Oh well, it wasn’t meant to be, I guess.
I stripped off my onesie, treating everyone assembled to an unobstructed view of my hairy nipples and very un-triathlete gut, pulled on my shorts and running shirt and headed out on the run.
The run was also flat as a pancake, but there was no shelter from the hellish sun. I decided to relax and take it easy. Even though I wanted to try to finish in 6 hours, I didn’t want to kill myself. So I just walked a lot and let the miles come to me.
One part of the run pictured above was an arrow-straight section of grassy pathway with no sun cover whatsoever. You could see that you were going to be in the beating sun for the next mile or so with no breaks. As one fellow racer said to me, “They should call that first lap ‘The Demoralizer'”.
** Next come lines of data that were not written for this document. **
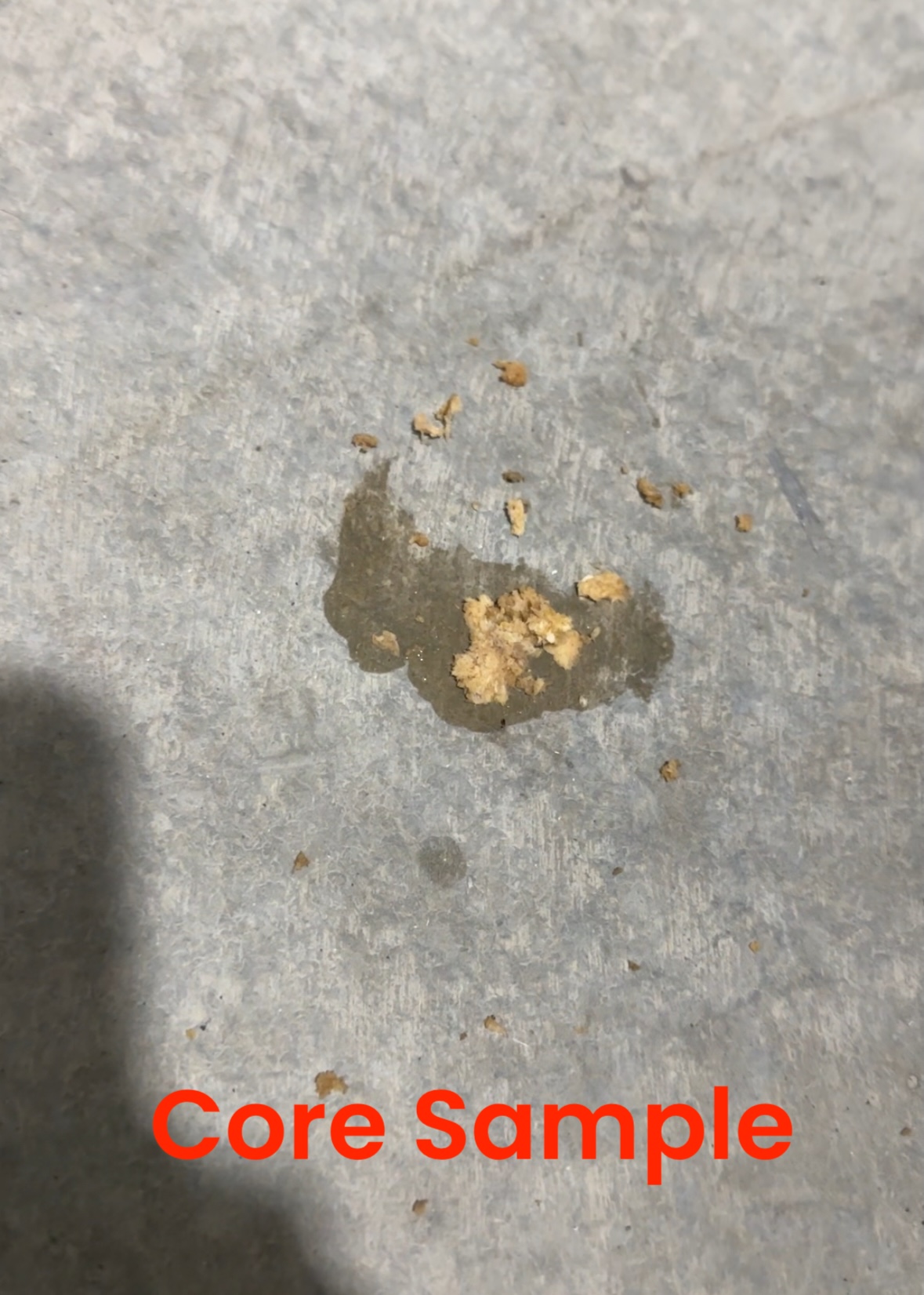 Use a drill with a small 3/16″ bit to take your core samples. Once you drill into the affected area, inspect the material on the drill flutes. If it appears darker, it indicates moisture. If the coring is blonde, press it onto a paper towel to check whether any moisture is absorbed.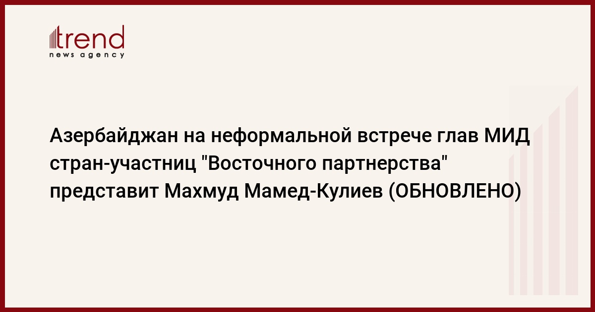 Азербайджан на первой неформальной встрече глав МИД стран-участниц "Восточного партнерства", которая пройдет 24 мая в польском городе Сопот представит заместитель министра иностранных дел Махмуд Мамед-Кулиев, сообщил в понедельник Trend официальный представитель МИД Эльхан Полухов.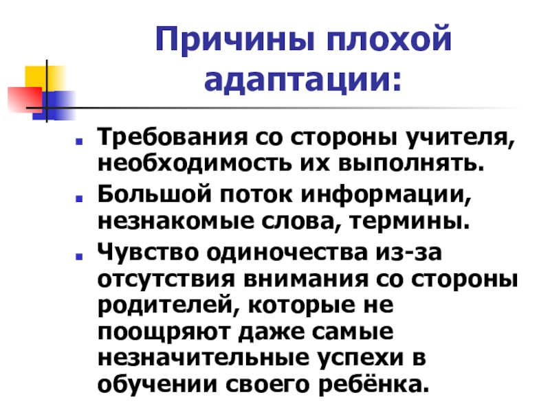 Чувство одиночества из-за отсутствия внимания со стороны родителей, которые не поощряют даже самые незначительные успехи в обучении своего ребёнка.
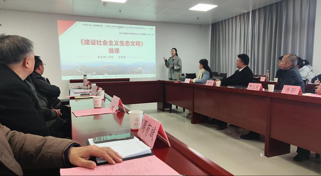 本次联合教研活动以“党的二十届三中全会精神融入思政课”为主题,由来自大中小学各学段的四位思政课优秀教师代表分别围绕“习近平生态文明思想”中的教学内容进行了“同课异构”教学设计展示。杜集区朱庄实验小学的赵俊淇老师以《辽阔的土地》为题,从我国幅员辽阔的国土导入,结合多种教学手段进行了小学段教学展示。杜集区石台实验学校吴可可老师通过案例式教学形式,展示了题为《共筑生命家园》的初中段教学设计。开渠中学的蒋迎秋老师以《践行两山理念,打造幸福宜居环境》为题,结合当地乡土文化特色融入思政课,以座谈交流的形式进行了高中段的教学设计。最后,beat365正版唯一官网骨干教师孙澄澄进行了大学段的教学展示,她通过从理论到实践,从国内到国际,系统地阐述了一个完整的生态文明建设框架,展示了《建设社会主义生态文明》这一章节的教学设计。

As I was walking along a guy patted me on the shoulder in a fatherly way and said “You’re doing very well.”
I said “Thanks, buddy! You too!”
He didn’t seem to be congratulating or encouraging everyone, just me. So I guess I looked like I needed the help. Hey, I appreciate it, but it makes me think I don’t look like someone who would be doing Half Ironman distance races.
I guess he hadn’t heard that I had just completed a 20mph bike leg following a girl’s naked ass.
On my first lap through the finish area, there were people cheering and shouting and clanging cowbells and waving banners. On the second lap through, the crowd had diminished a great deal as people finished ahead of me. On the third lap through, everyone was looking at their watches and complaining that the cowbells were hurting their fingers.
All in all it was a great race. I finished in 6 hours and 30 minutes. I could have pushed it and finished under six hours, but I decided to just chill and finish easy. I felt a lot less tired than I did after my marathon, that’s for sure.
I’m looking forward to my full ironman race in August now. I want to get it overwith. I know what I need to concentrate on this summer, though… running in the heat.
Hopefully no girls with ridiculously fine asses will be there so I can do the bike leg at a more relaxed pace.